## Records for this task
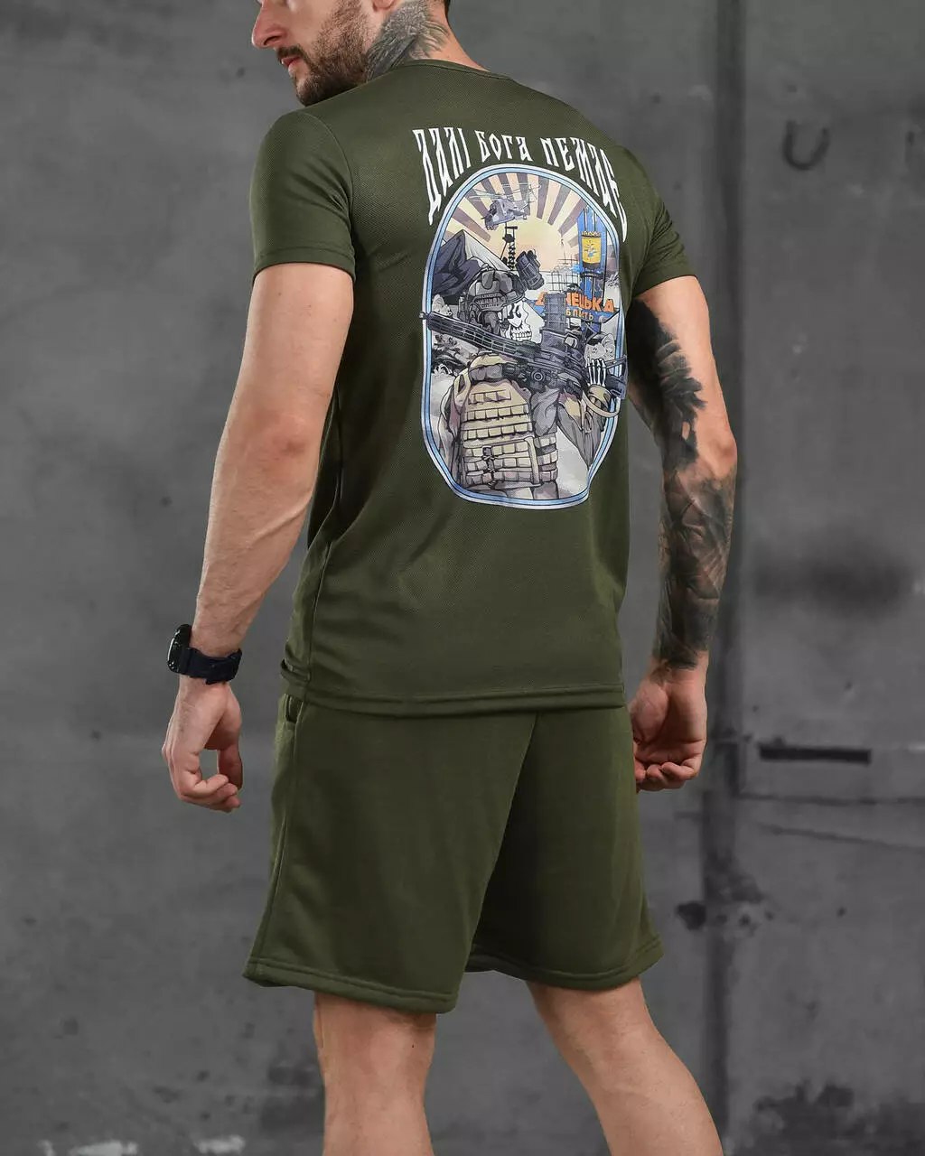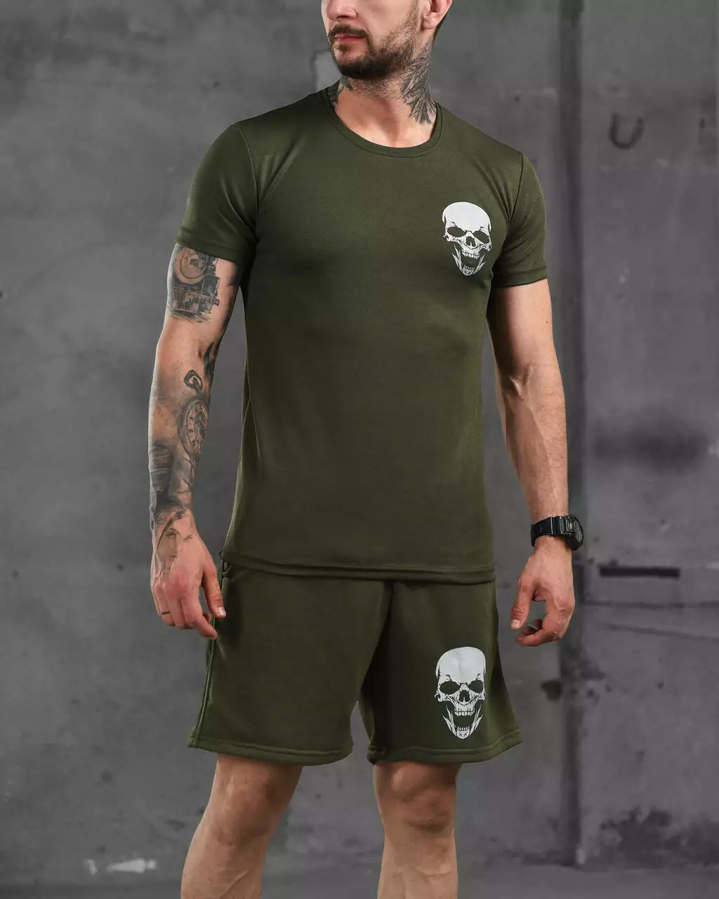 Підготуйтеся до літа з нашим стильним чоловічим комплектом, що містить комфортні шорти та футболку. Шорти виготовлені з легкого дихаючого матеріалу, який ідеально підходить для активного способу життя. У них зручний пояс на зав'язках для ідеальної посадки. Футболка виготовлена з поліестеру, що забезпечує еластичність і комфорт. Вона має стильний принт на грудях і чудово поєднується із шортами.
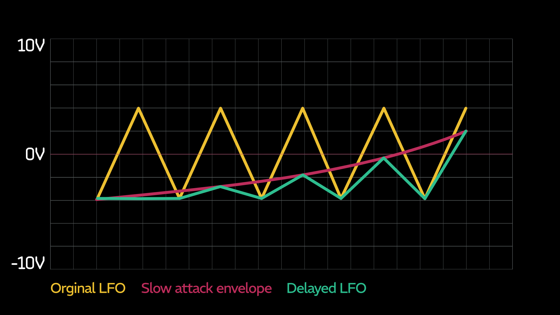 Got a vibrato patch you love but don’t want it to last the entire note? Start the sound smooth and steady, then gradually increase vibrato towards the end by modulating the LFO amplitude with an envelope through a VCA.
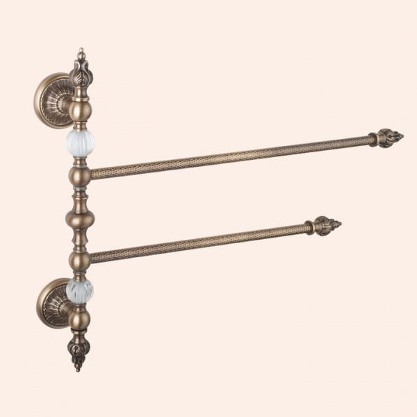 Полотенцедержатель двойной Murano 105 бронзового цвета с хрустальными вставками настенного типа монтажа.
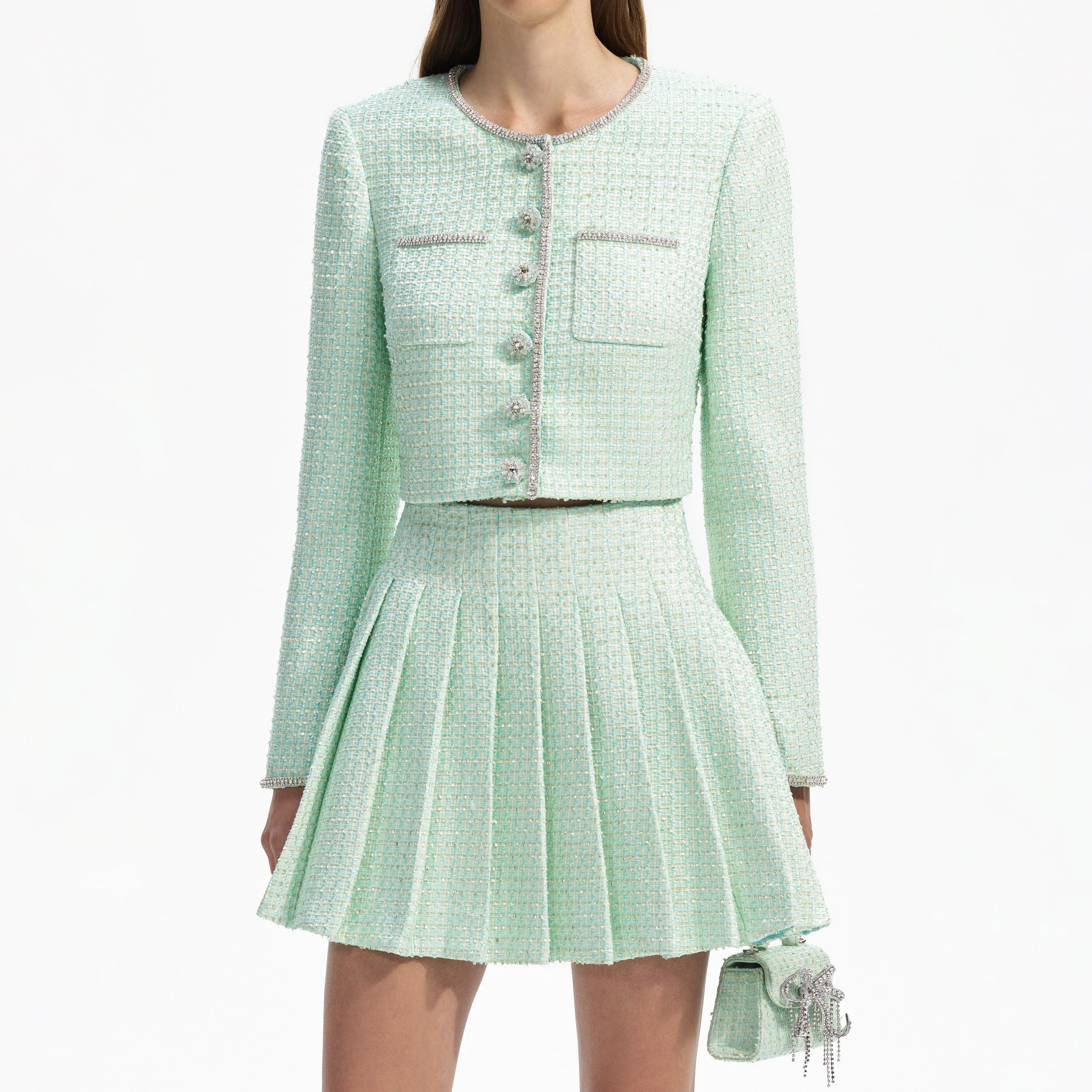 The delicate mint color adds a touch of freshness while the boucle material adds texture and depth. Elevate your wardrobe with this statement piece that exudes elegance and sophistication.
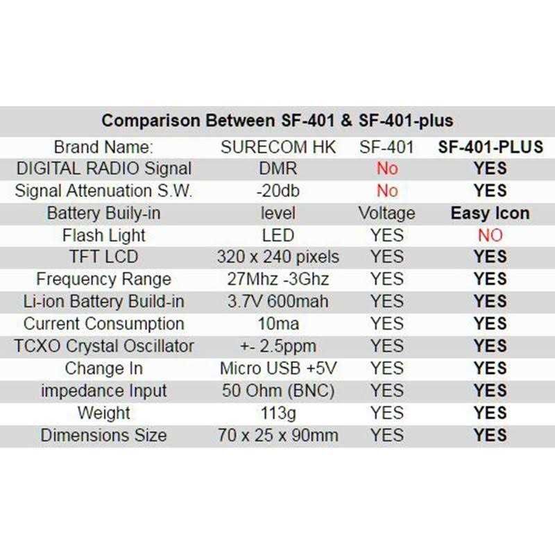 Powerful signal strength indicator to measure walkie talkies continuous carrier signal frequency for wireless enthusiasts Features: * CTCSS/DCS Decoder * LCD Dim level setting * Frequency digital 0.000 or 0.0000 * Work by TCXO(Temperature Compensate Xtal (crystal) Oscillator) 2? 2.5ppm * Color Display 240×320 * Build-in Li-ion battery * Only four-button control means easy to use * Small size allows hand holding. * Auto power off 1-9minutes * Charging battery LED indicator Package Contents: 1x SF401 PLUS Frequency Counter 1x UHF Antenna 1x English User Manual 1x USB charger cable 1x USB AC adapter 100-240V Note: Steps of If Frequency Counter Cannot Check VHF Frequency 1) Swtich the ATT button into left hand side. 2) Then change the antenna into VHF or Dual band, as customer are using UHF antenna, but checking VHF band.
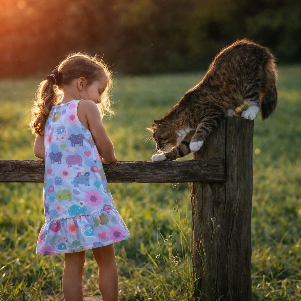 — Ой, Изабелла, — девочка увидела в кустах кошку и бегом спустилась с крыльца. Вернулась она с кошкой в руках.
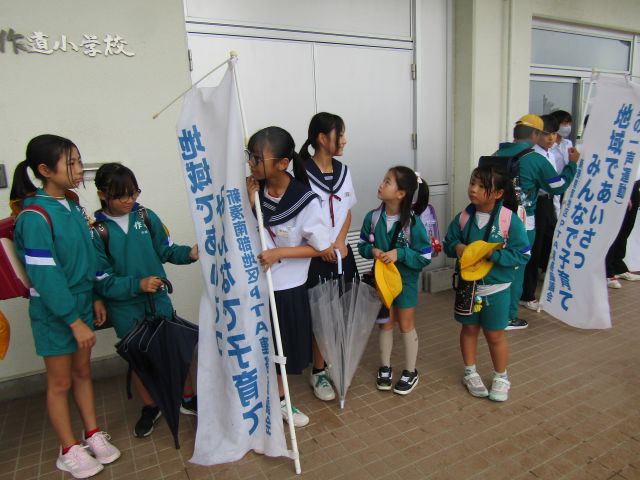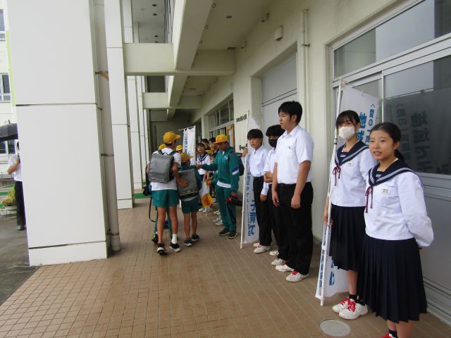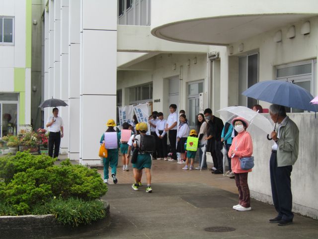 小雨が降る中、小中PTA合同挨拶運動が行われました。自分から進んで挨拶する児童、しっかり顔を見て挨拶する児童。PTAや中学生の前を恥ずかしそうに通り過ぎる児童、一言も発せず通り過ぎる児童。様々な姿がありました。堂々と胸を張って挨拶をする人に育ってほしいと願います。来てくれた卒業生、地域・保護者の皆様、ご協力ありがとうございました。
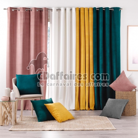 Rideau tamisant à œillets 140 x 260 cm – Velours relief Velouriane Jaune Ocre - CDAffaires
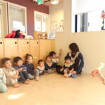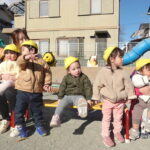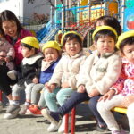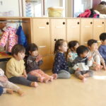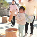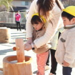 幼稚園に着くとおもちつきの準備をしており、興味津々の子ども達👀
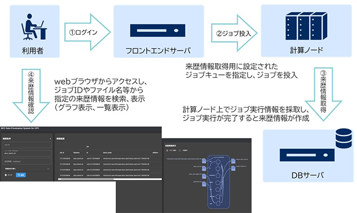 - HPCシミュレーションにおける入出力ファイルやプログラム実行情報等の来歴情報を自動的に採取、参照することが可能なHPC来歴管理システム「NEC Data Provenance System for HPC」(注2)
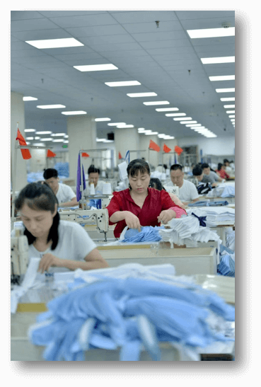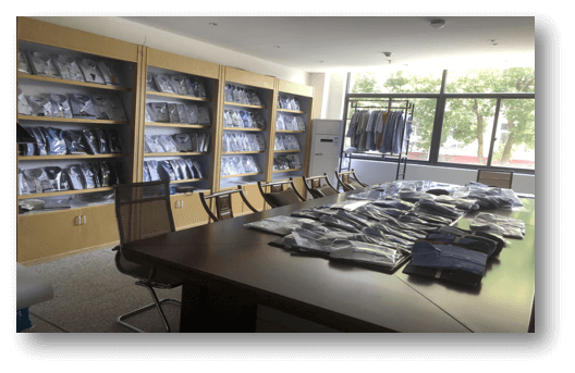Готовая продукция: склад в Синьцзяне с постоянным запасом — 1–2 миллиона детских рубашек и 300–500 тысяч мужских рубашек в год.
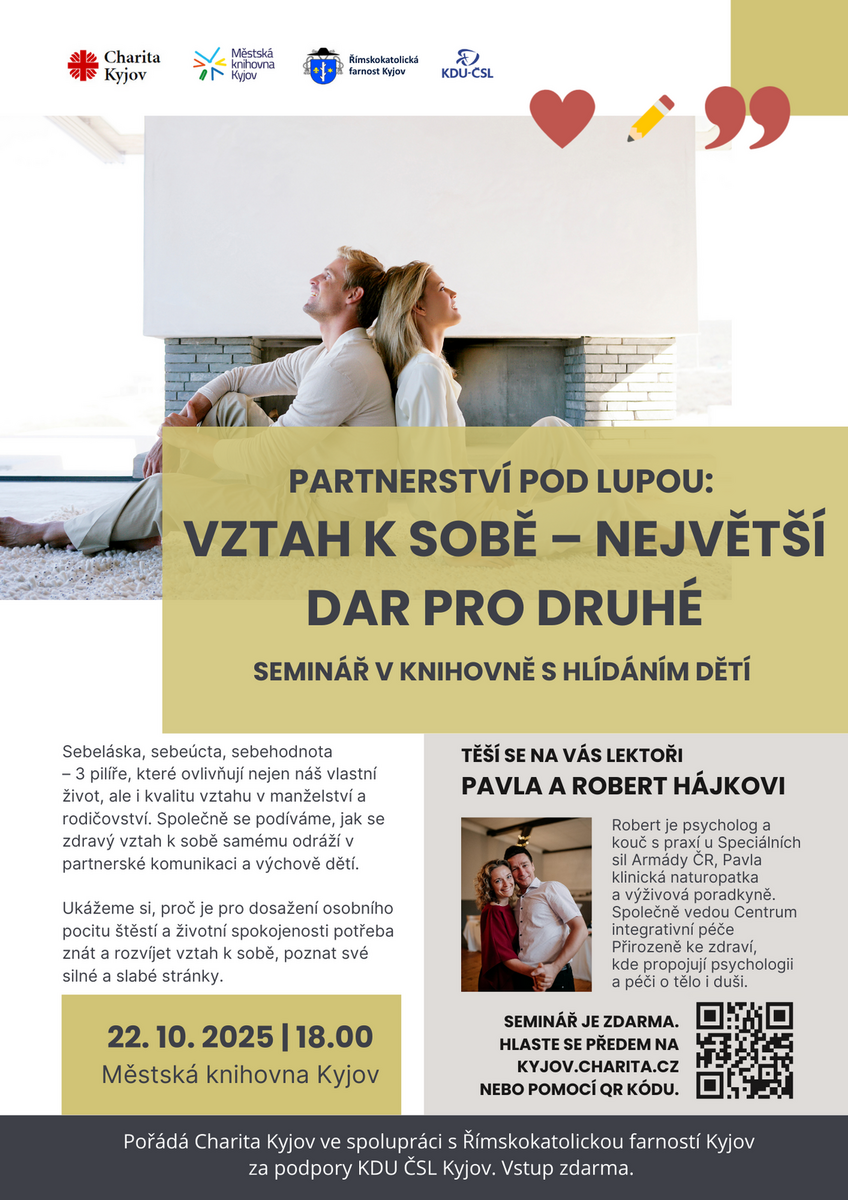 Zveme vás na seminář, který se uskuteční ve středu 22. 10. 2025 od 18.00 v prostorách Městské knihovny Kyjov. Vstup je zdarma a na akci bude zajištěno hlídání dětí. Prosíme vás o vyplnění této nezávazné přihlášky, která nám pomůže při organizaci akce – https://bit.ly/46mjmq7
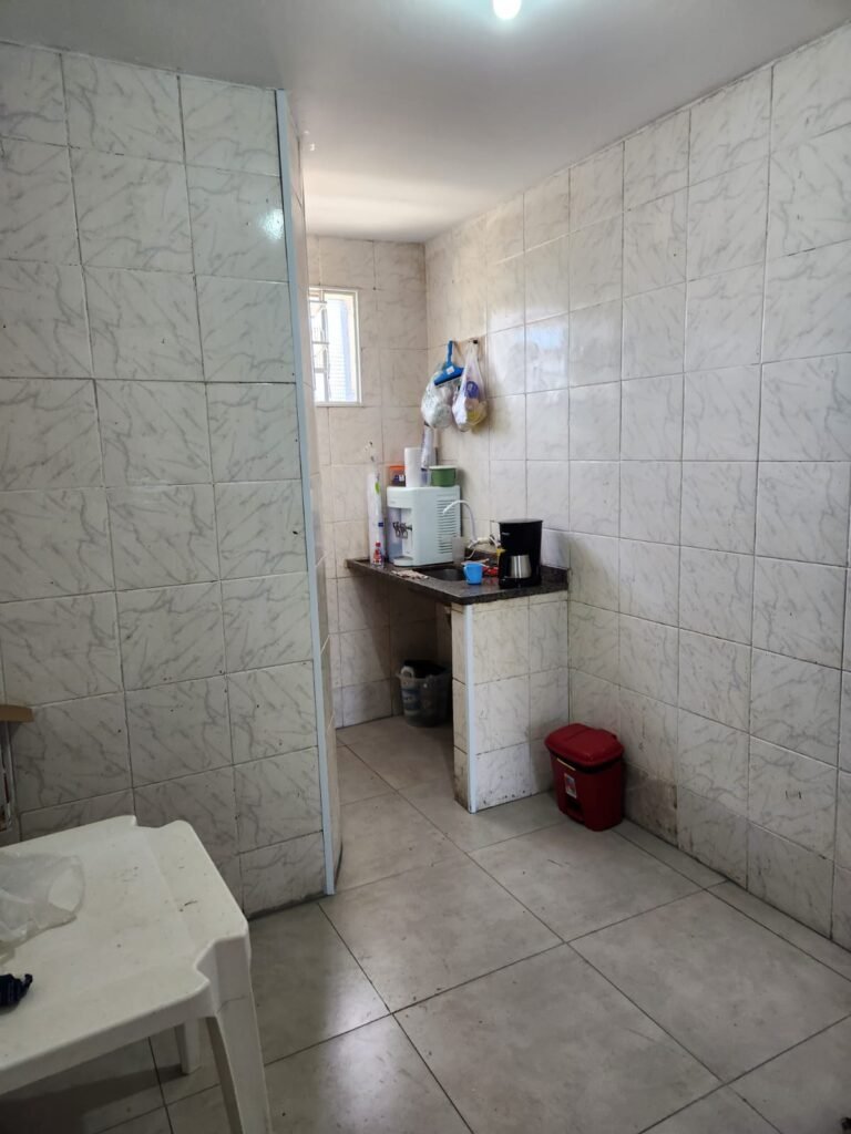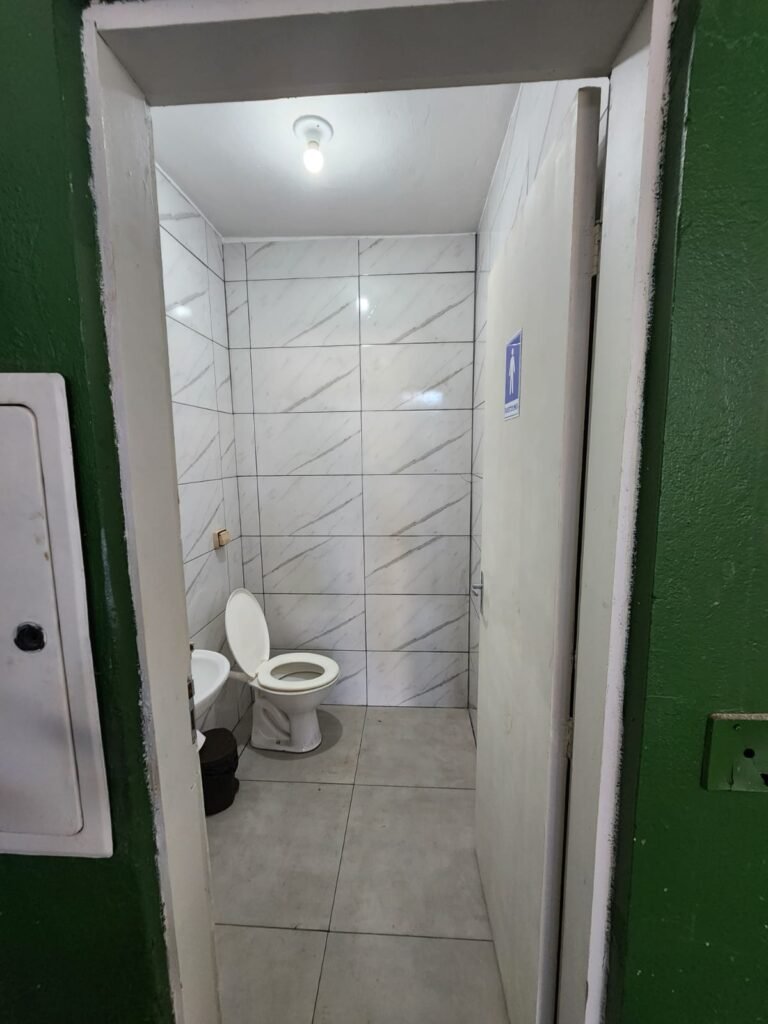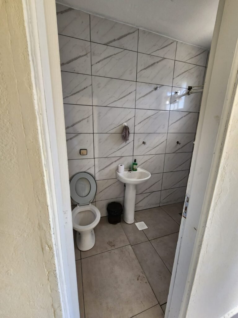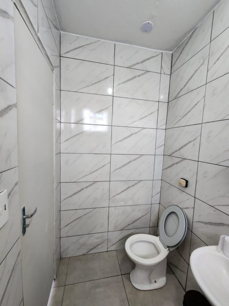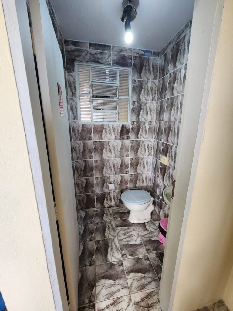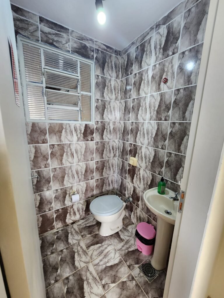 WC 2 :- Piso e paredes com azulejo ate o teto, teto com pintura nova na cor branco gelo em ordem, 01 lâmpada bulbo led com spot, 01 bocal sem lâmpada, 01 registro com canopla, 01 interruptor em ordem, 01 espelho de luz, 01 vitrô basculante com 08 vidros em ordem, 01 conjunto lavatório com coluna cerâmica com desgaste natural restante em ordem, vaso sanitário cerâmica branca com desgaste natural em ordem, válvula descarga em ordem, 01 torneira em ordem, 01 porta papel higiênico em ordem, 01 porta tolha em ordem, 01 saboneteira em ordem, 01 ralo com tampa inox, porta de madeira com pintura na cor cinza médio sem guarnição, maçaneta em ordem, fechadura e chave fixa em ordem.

## About this exercise
Your task is to give again, unchanged, the lines from the line that contains "Zveme vás na" to the end of the records. Include both end lines but no pictures.

## Answer space
 Zveme vás na seminář, který se uskuteční ve středu 22. 10. 2025 od 18.00 v prostorách Městské knihovny Kyjov. Vstup je zdarma a na akci bude zajištěno hlídání dětí. Prosíme vás o vyplnění této nezávazné přihlášky, která nám pomůže při organizaci akce – https://bit.ly/46mjmq7
 WC 2 :- Piso e paredes com azulejo ate o teto, teto com pintura nova na cor branco gelo em ordem, 01 lâmpada bulbo led com spot, 01 bocal sem lâmpada, 01 registro com canopla, 01 interruptor em ordem, 01 espelho de luz, 01 vitrô basculante com 08 vidros em ordem, 01 conjunto lavatório com coluna cerâmica com desgaste natural restante em ordem, vaso sanitário cerâmica branca com desgaste natural em ordem, válvula descarga em ordem, 01 torneira em ordem, 01 porta papel higiênico em ordem, 01 porta tolha em ordem, 01 saboneteira em ordem, 01 ralo com tampa inox, porta de madeira com pintura na cor cinza médio sem guarnição, maçaneta em ordem, fechadura e chave fixa em ordem.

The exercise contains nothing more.